Note that `plt.imshow()` is CxHxW and so the H is the vertical axis which is time axis 273, while W is the horizontal axis which is frequency axis.

We have a function called `show_cadence_spatial` where we do the following:

1. There are 6 channels in the images of shape (6, 273, 256) where 273 is the time axis, 256 is the frequency axis and 6 is the 6 cadence snippets. Note that `plt.imshow()` is CxHxW and so the H is the vertical axis which is time axis 273, while W is the horizontal axis which is frequency axis.
> Each file has dimension (6, 273, 256), with the 1st dimension representing the 6 positions of the cadence, and the 2nd and 3rd dimensions representing the 2D spectrogram.

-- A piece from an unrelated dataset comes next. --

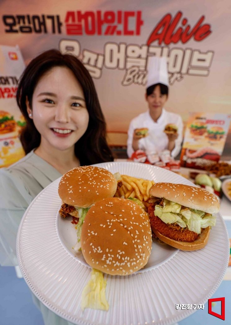 On the 30th, promotional models at the Lotteria Sookdaeipgu Station branch in Yongsan-gu, Seoul, are showcasing the newly released "Ojingeo Alive Burger." The Ojingeo Alive Burger combines the patty of Lotteria's first legendary burger, the Ojingeo Burger, with fried squid legs.
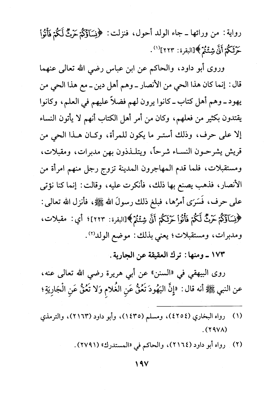 وروى أبو داود، والحاكم عن ابن عباس رضي الله تعالى عنهما قال: إنما كان هذا الحي من الأنصار - وهم أهل دين - مع هذا الحي من يهود - وهم أهل كتاب - كانوا يرون لهم فضلاً عليهم في العلم، وكانوا يقتدون بكثير من فعلهم، وكان من أمر أهل الكتاب أنهم لا يأتون النساء إلا على حرف، وذلك أستر ما يكون للمرأة، وكان هذا الحي من قريش يشرحون النساء شرحاً، ويتلذذون بهن مدبرات، ومقبلات، ومستقبلات، فلما قدم المهاجرون المدينة تزوج رجل منهم امرأة من الأنصار، فذهب يصنع بها ذلك، فأنكرت عليه، وقالت: إنما كنا نؤتى على حرف، فَسَرَى أمرُها، فبلغ ذلك رسولَ الله - صلى الله عليه وسلم -، فأنزل الله تعالى: {نِسَاؤُكُمْ حَرْثٌ لَكُمْ فَأْتُوا حَرْثَكُمْ أَنَّى شِئْتُمْ} [البقرة: 223]؛ أي: مقبلات، ومدبرات، ومستقبلات؛ يعني بذلك: موضع الولد (¬2).

2. Since the following were made clear by the host, we have quite a few options. 
    - spatial 6 channels - shape = (273 * 6, 256) or (256, 273 * 6) if you transpose it.
        - We **concatenate** all 6 channels **vertically along the time axis (axis=0)**.
        
    - spatial 3 channels - shape = (273 * 3, 256) or (256, 273 * 3) if you transpose it.
        - We **concatenate** channels 1, 3 and 5 **vertically along the time axis (axis=0)**. Note to me it does not make sense to concatenate channels 1, 3 and 5 along the frequency axis horizontally. As one cadence consists of 6 snippets of different time, therefore, in order to use spatial, one can concateneate along time axis to have a "full overview" of the sequence of events. One can also consider using RNN or time series to model here but I won't use it.
    
    > Not all of the “needle” signals look like diagonal lines, and they may not be present for the entirety of all three “A” observations, but what they do have in common is that they are only present in some or all of the “A” observations (panels 1, 3, and 5 in the cadence snippets).

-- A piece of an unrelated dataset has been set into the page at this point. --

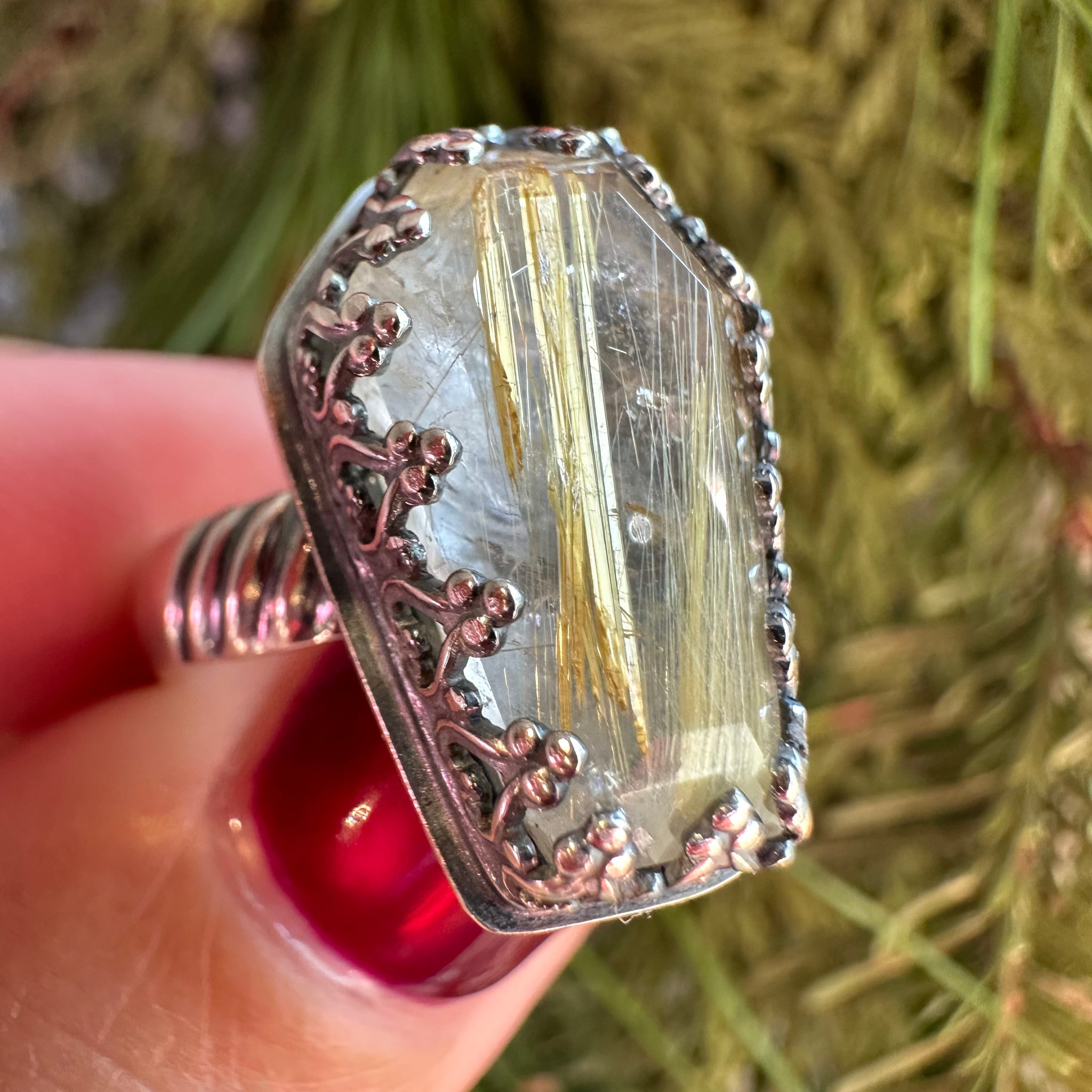 Gold rutilated quartz coffin set in solid sterling silver. Fits a ring size 7.5

    - channel wise: We won't be using it here as empirically speaking, it does not perform as well as spatial wise.


![Image](https://i.ibb.co/JFQ44tB/channel-vs-spatial.png)

In [None]:
def show_cadence_spatial(filename: str, label: int, show_text: bool = True, spatial_mode: str = 'spatial_3ch', transpose: bool = True) -> None:
    """Plot and show cadence as images. Note on channel = odd channels
       This plot shows all 6 cadences with ON and OFF channels. The host says extraterrestrial signals
       should appear in ON channels.

    Args:
        filename (str): [description]
        label (int): [description]
    """
    plt.figure(figsize=(16, 10))
    # load .npy files into np.array
    image_arr = np.load(filename)
    assert image_arr.shape == (6, 273, 256)

    if spatial_mode == 'spatial_3ch':
        image_arr_3ch = image_arr[::2, :, :].astype(np.float32)
        assert image_arr_3ch.shape == (3, 273, 256)
        # print(np.array_equal(image_arr_3ch, image[::2].astype(np.float32), equal_nan=False))
        if transpose is True:
            image_arr_3ch = np.vstack(image_arr_3ch).transpose((1, 0))
            assert image_arr_3ch.shape == (256, 819)
        else:
            image_arr_3ch = np.vstack(image_arr_3ch)
            assert image_arr_3ch.shape == (819, 256)

        plt.title(
            f"ID: {os.path.basename(filename)} TARGET: {label}", fontsize=18)
        #plt.subplot(5, 2, i + 1)
        plt.tight_layout()
        plt.imshow(image_arr_3ch)

    elif spatial_mode == 'spatial_6ch':
        # note [:, :, :] produces a verbatim copy of the array
        image_arr_6ch = image_arr[:, :, :].astype(np.float32)
        assert image_arr_6ch.shape == (3, 273, 256)

        if transpose is True:
            image_arr_6ch = np.vstack(image_arr_6ch).transpose((1, 0))
            assert image_arr_6ch.shape == (256, 1638)
        else:
            image_arr_6ch = np.vstack(image_arr_6ch)
            assert image_arr_6ch.shape == (1638, 256)

        #plt.subplot(5, 2, i + 1)
        plt.tight_layout()
        plt.imshow(image_arr_6ch)

    plt.show()

In [None]:
df_tmp = df_train[df_train["target"] == 0].sample(1)
for ind, row in df_tmp.iterrows():
    show_cadence_spatial(get_train_filename_by_id(row["id"]), row["target"], show_text=True)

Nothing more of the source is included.